Here should be the corresponding ID of the lowercase letter.
2.)
The script name is always NULL.
It should be LATIN or COMMON
3.)
All the min / max values are completely missing.
They are 0, 255 or 32767.
10 missing columns!
4.)
The last column "normed_form" is missing.
With the '#' a comment is starting.
But when reading this unicharset the '#' is misinterpreted as the "normed_form".

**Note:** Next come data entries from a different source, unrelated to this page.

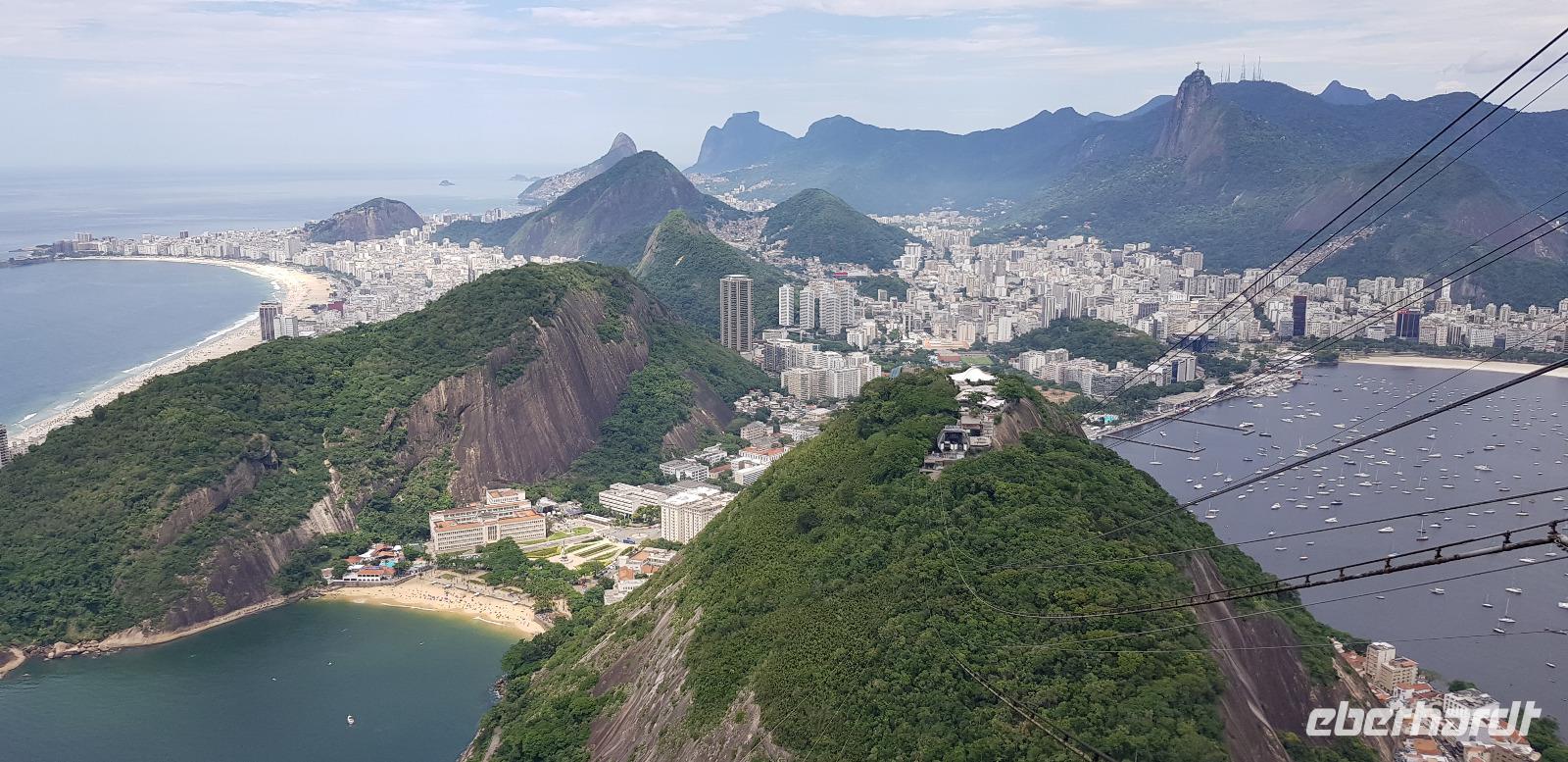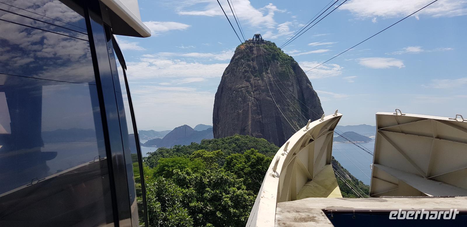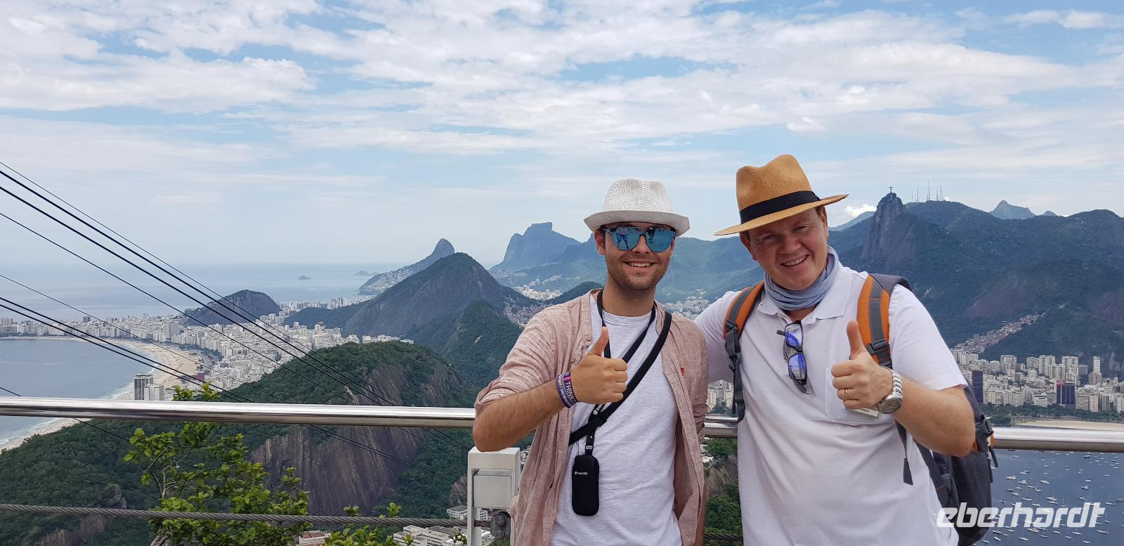 Die Sonne lacht und wir freuen uns auf den Zuckerhut - unserem ersten großen Highlight des heutigen Tages. Gemeinsam fahren wir mit Reiseleiter Johannes mit der Gondelbahn aus der Schweiz hinauf und blicken vom ersten Aussichtspunkt auf die vielen Buchten und Hügel der Stadt. Der Name „Zuckerhut" bedeutet im portugiesischen -> „Zuckerbrot". Diesen erhielt er im 17. Jahrhundert, weil es an die kegelförmigen Blöcke aus Rohzucker erinnert, die für den Versand von Brasilien nach Portugal vorbereitet worden. Vom ersten Aussichtspunkt geht es weiter mit der Seilbahn zur nächsten Etappe. Von 396m Höhe, blicken wir vom höchsten Punkt des Berges weit in die Ferne. Bei relativ guter Sicht sehen wir die Copacabana, die Bucht von Botafogo & Flamengo, die Christus Statue und den Innerstädtischen Flughafen. Danach geht es mit der Seilbahn wieder hinab... auch ein kurzer Stromausfall hält uns nicht auf! ;-)
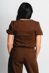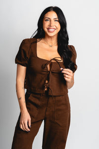 Puff sleeve square neck short sleeve denim top featuring three ties down the front from Lush Fashion Lounge women's boutique in Oklahoma City.
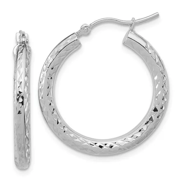 Leslie's 14k White Gold Diamond-cut 3mm Round Hoop Earrings Image 3 Mitchell's Jewelry Norman, OK
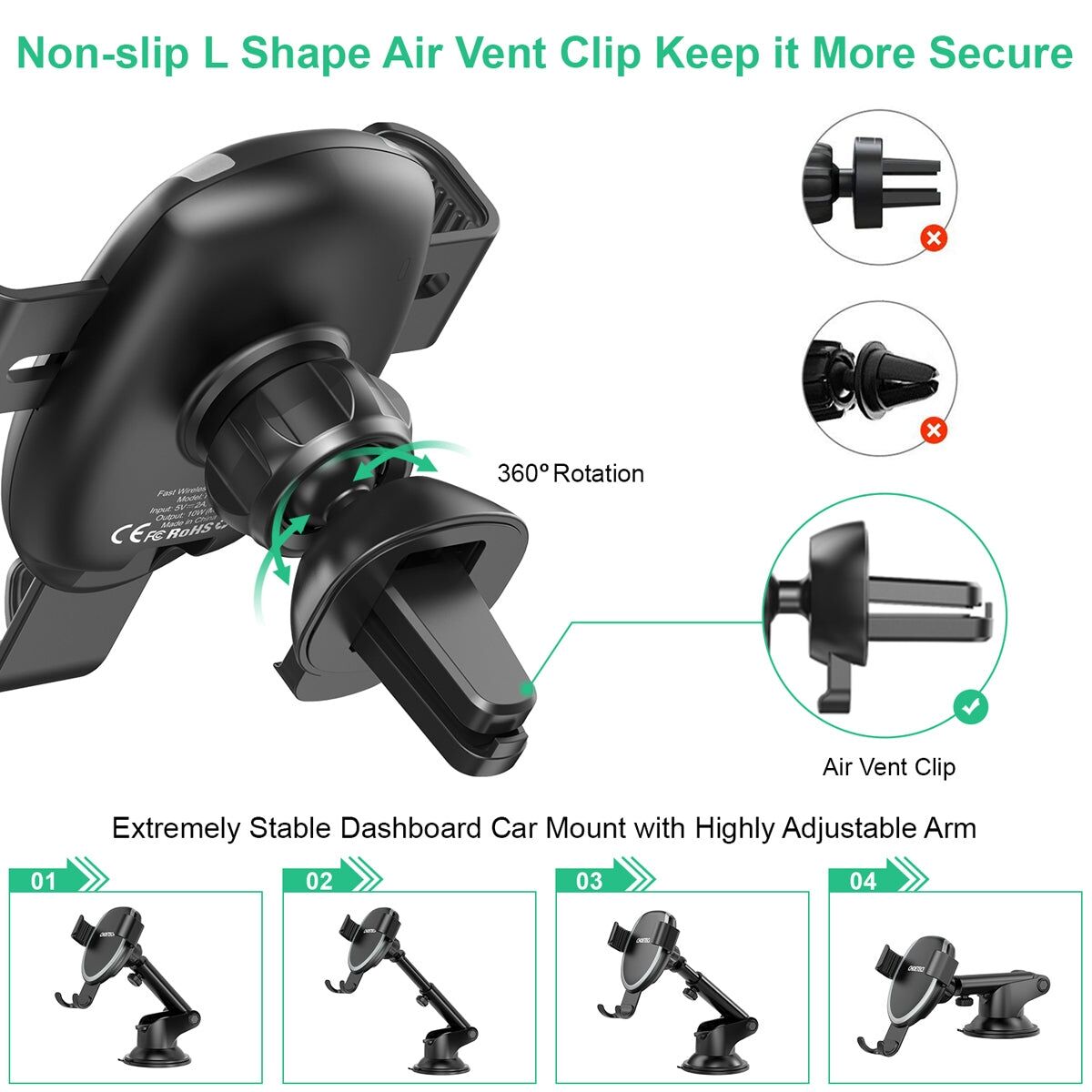 The fast wireless car charger, with soft silicone on the phone clamp arm and air vent mount, will hold your phone securely and prevent it from falling off. Besides, the hook on the end of the air vent mount makes the car charger fixed more securely on your car. And these smart design won't scratch your phone or damage your car.

Here should be mostly the same letter as in the first column.
Here you see a unicharset extracted from a trainddata file with all columns filled correctly:
A 5 52,68,216,255,100,216,0,17,98,231 Latin 2 0 15 A # A [41 ]A
B 5 62,68,216,255,91,227,0,27,106,227 Latin 23 0 102 B # B [42 ]A
etc..
a 3 58,65,186,200,85,164,0,26,97,185 Latin 15 0 2 a # a [61 ]a
b 3 58,64,216,255,87,180,0,25,100,200 Latin 102 0 23 b # b [62 ]a
Result:
The unicharset_extractor tool is very buggy.
I have to edit all by hand.
So my question remains:
Were do I find a detailed documentation of the Unicharset file ???